Reproduce every entry exactly and leave its pictures out.

(Items listed in a dataset)

********

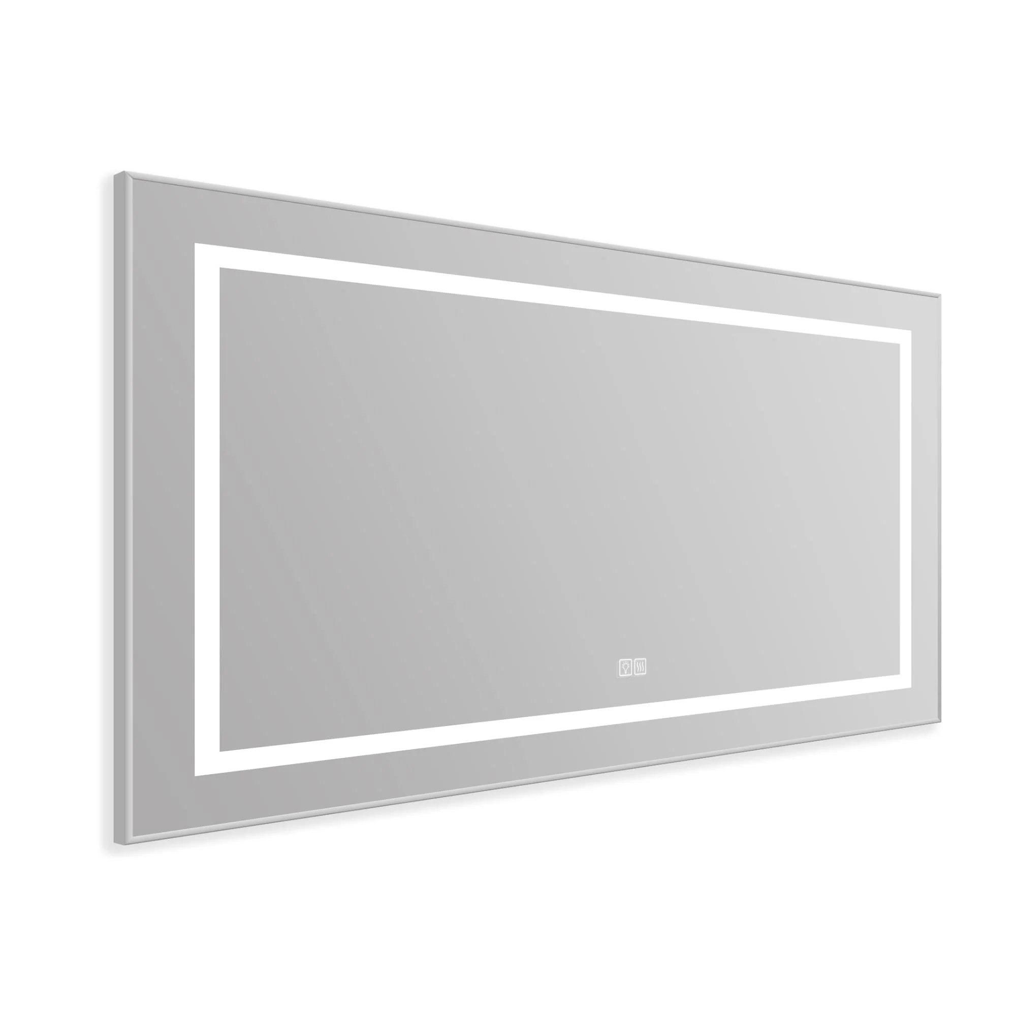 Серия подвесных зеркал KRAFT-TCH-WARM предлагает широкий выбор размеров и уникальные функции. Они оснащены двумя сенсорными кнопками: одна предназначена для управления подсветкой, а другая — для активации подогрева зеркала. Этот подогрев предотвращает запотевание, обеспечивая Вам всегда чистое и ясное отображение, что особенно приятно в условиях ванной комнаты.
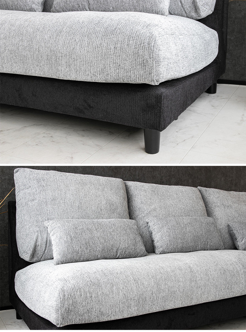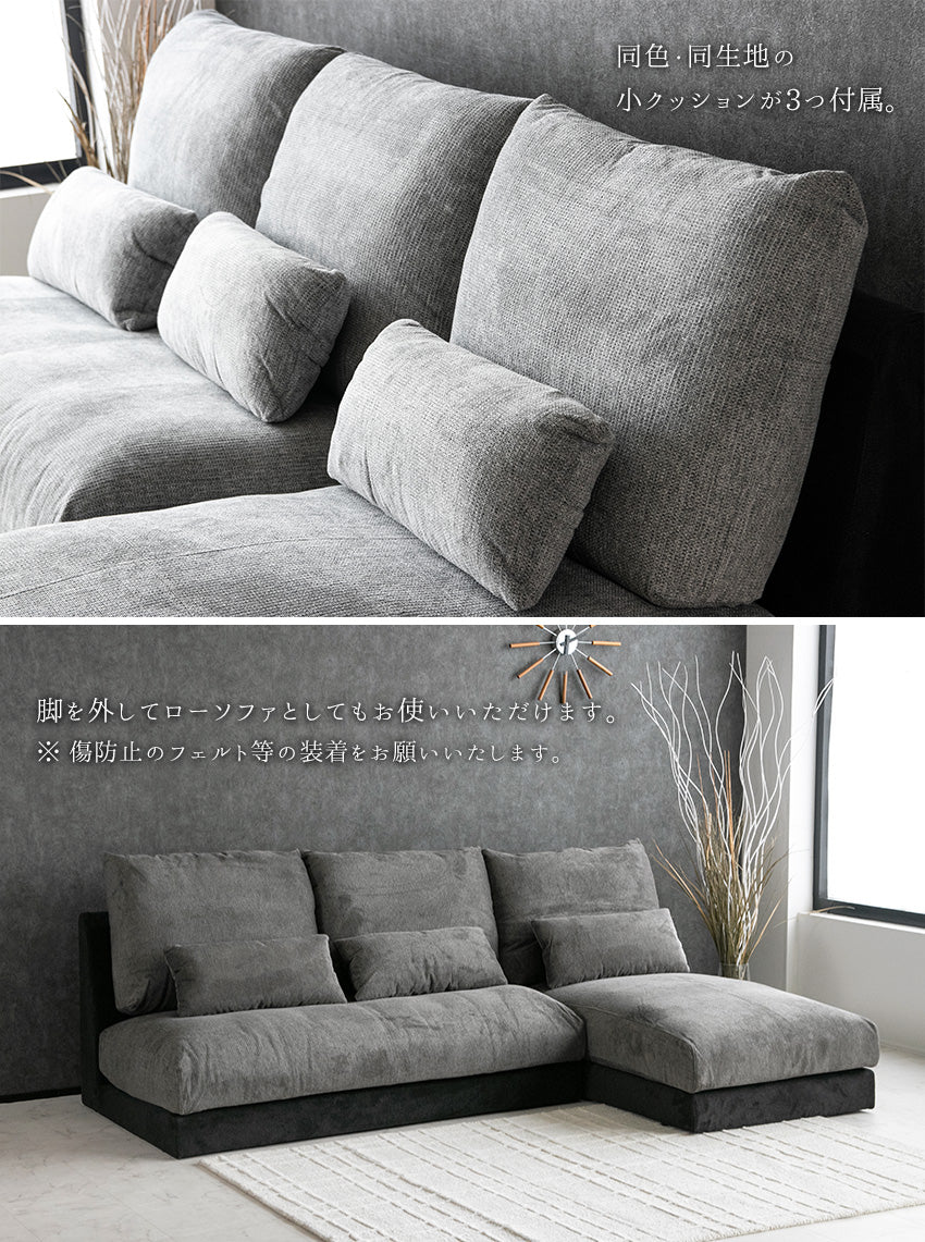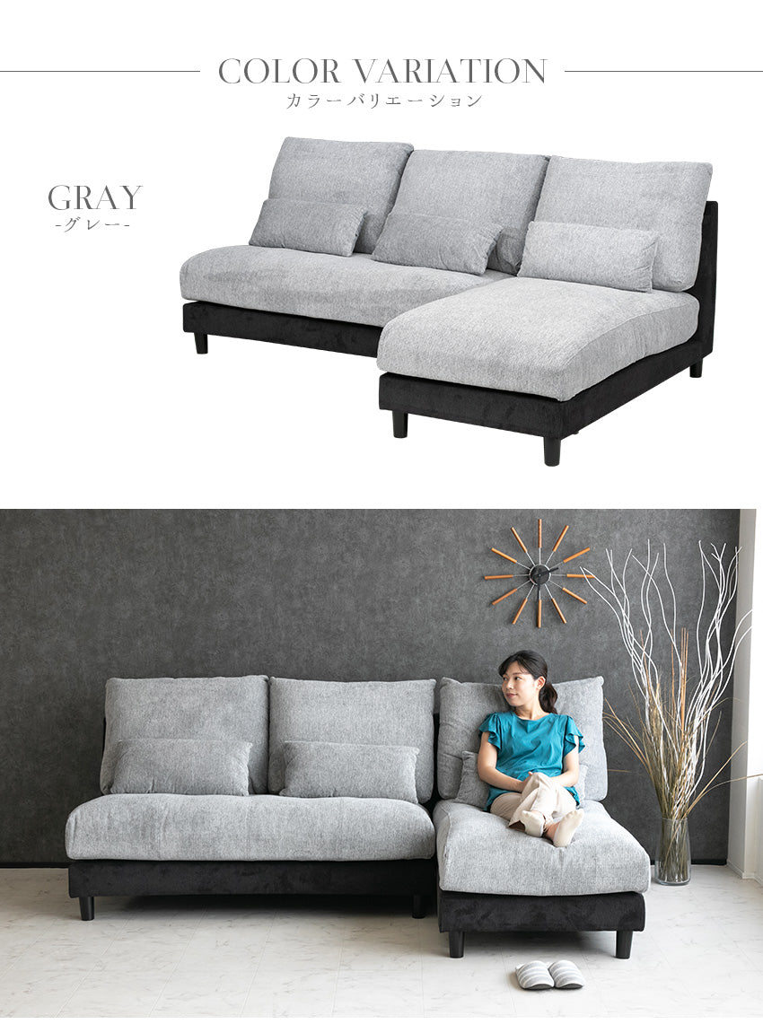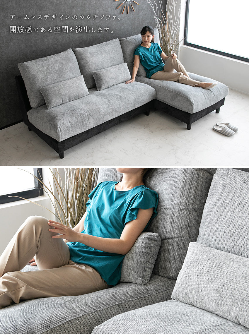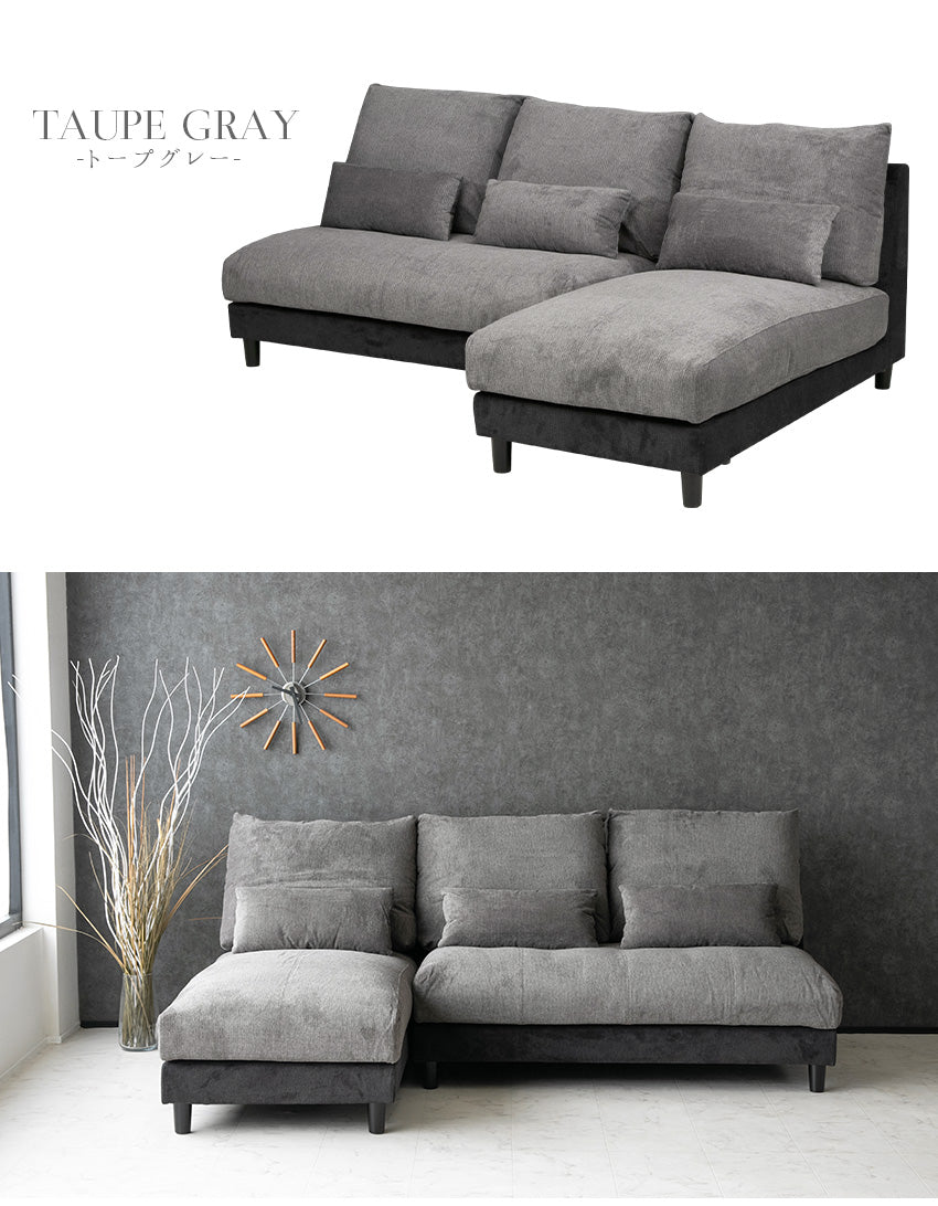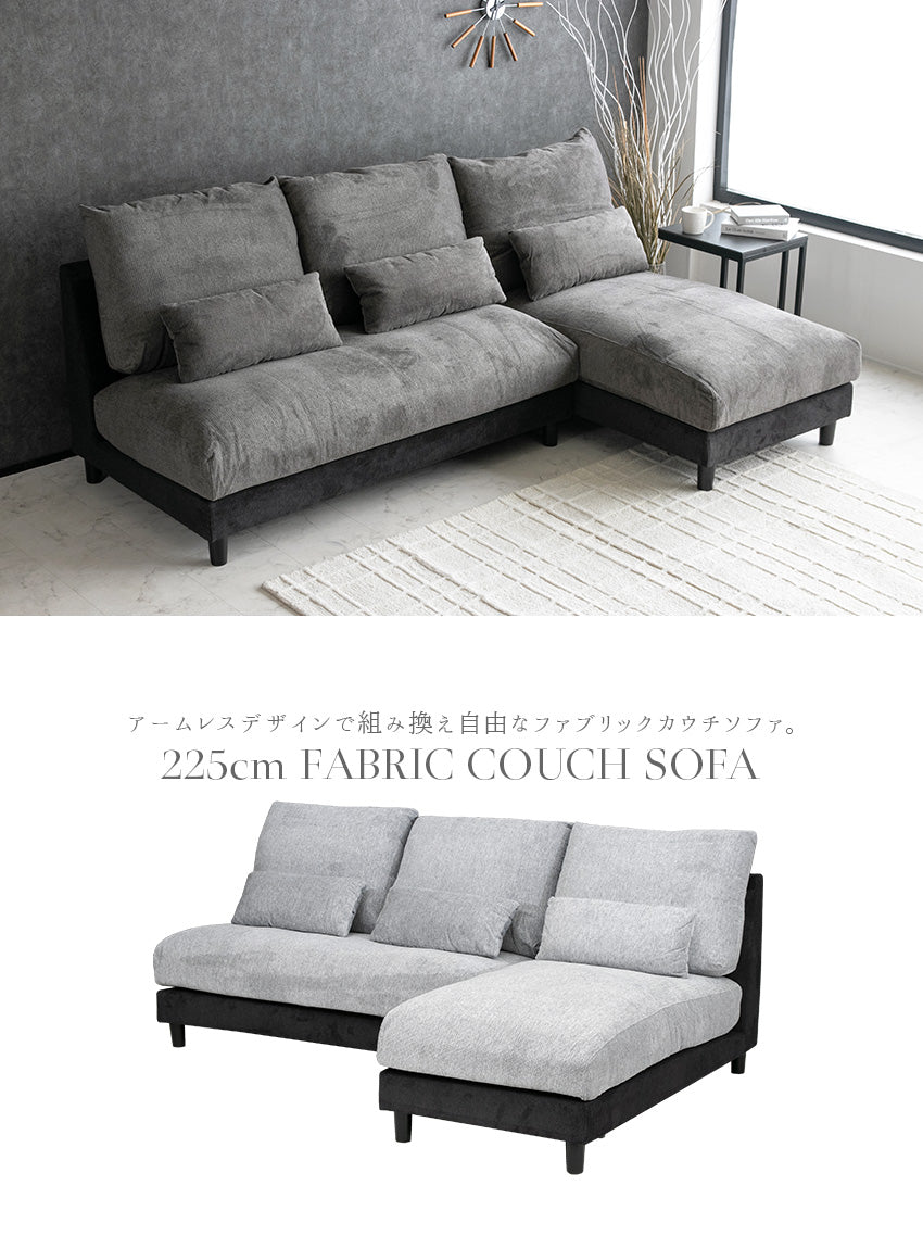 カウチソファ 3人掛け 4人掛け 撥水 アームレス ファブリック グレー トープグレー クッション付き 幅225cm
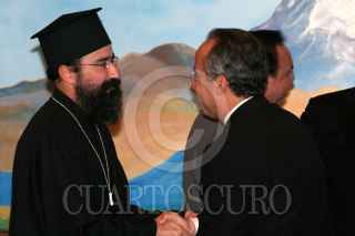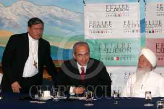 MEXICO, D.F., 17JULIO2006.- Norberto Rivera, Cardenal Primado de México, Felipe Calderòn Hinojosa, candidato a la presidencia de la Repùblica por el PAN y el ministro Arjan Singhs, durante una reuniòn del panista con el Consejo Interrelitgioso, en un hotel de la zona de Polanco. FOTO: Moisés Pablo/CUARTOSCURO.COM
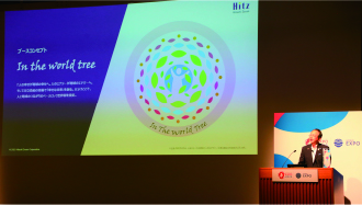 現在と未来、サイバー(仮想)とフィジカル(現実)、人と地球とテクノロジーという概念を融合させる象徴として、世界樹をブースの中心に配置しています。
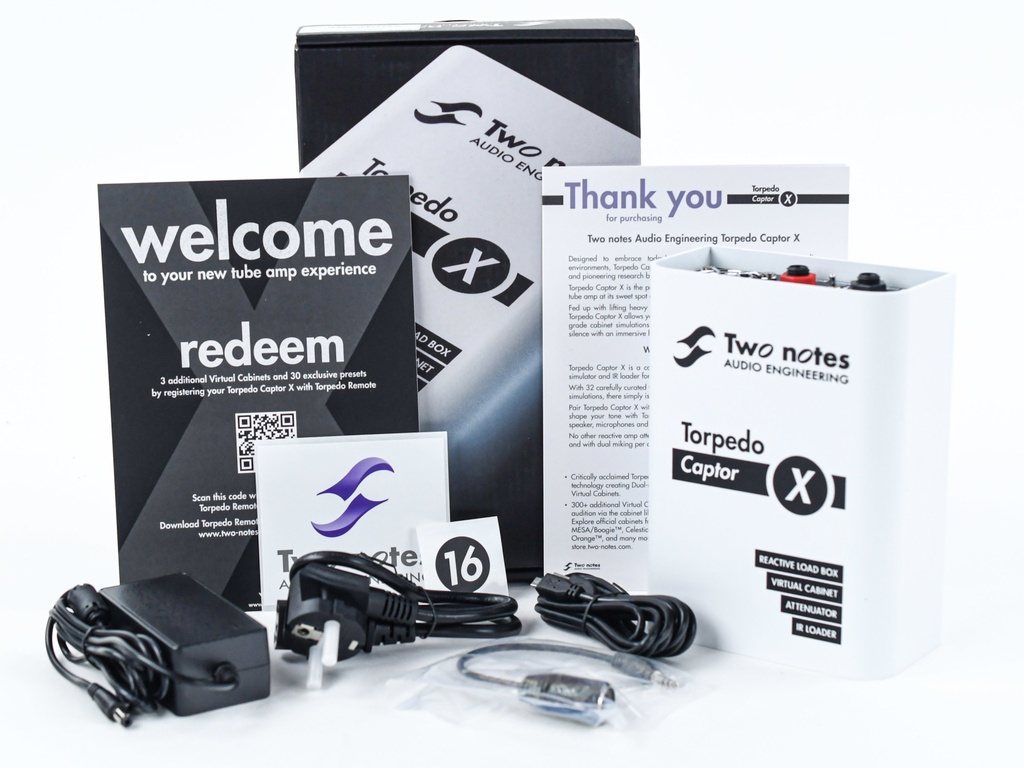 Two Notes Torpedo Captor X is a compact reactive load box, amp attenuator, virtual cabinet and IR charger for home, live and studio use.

********

Answer to this exercise
 Серия подвесных зеркал KRAFT-TCH-WARM предлагает широкий выбор размеров и уникальные функции. Они оснащены двумя сенсорными кнопками: одна предназначена для управления подсветкой, а другая — для активации подогрева зеркала. Этот подогрев предотвращает запотевание, обеспечивая Вам всегда чистое и ясное отображение, что особенно приятно в условиях ванной комнаты.
 カウチソファ 3人掛け 4人掛け 撥水 アームレス ファブリック グレー トープグレー クッション付き 幅225cm
 MEXICO, D.F., 17JULIO2006.- Norberto Rivera, Cardenal Primado de México, Felipe Calderòn Hinojosa, candidato a la presidencia de la Repùblica por el PAN y el ministro Arjan Singhs, durante una reuniòn del panista con el Consejo Interrelitgioso, en un hotel de la zona de Polanco. FOTO: Moisés Pablo/CUARTOSCURO.COM
 現在と未来、サイバー(仮想)とフィジカル(現実)、人と地球とテクノロジーという概念を融合させる象徴として、世界樹をブースの中心に配置しています。
 Two Notes Torpedo Captor X is a compact reactive load box, amp attenuator, virtual cabinet and IR charger for home, live and studio use.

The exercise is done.